What is a Data Pipeline?

A data pipeline is a sequence of data processing steps: collect → transform → store → serve. Modern pipelines distinguish batch (hourly/daily, high throughput) from streaming (real-time, low latency). The choice depends on acceptable latency: dashboards updating every second need streaming; nightly revenue reports need batch.

Architecture: Batch Pipeline

Source (DB/S3/API) → Ingestion → Storage (Data Lake: S3/GCS)
                                 → Transform (Spark/dbt)
                                 → Data Warehouse (BigQuery/Snowflake/Redshift)
                                 → Serve (Looker/Tableau/ad-hoc SQL)

ETL (Extract-Transform-Load) vs ELT (Extract-Load-Transform): ETL transforms before loading (traditional, good for data quality enforcement); ELT loads raw then transforms in the warehouse (modern cloud DWH approach — cheap storage, powerful SQL transforms). dbt (data build tool) is the standard for ELT transforms: SQL + Jinja templates, incremental models, lineage tracking.
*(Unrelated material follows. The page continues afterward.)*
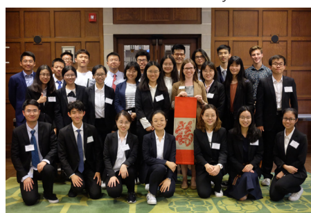
Visiting the University of Chicago
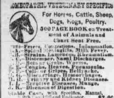
table Case, with Specifics, Manual, itch land 100 and Medicator, $7.00 sold by Brugglets; or Sent Preprides Receipt of Price.

HOMEOPATHIC OO in use 10 rears. The only encouseful remedy for Hervoits Boblilly, Vital Weakness, and Prostration, grow work or other causes. It per visit, or is visit and large visit powder, for 35. Solds By Dilleton or oracle posterial on receiptor grow—Hemphras some Co., 109 Falton St., R. E.

Architecture: Streaming Pipeline

Event Source → Kafka → Stream Processor (Flink / Kafka Streams)
                     → Serving DB (Druid / ClickHouse / Redis)
                     → Alert System (PagerDuty / Slack)
                     → S3 (raw archive, for batch reprocessing)

Data Model: Event Schema

Event(event_id UUID, event_type VARCHAR, user_id, session_id,
      properties JSONB, client_ts TIMESTAMP, server_ts TIMESTAMP,
      app_version, platform, ingested_at)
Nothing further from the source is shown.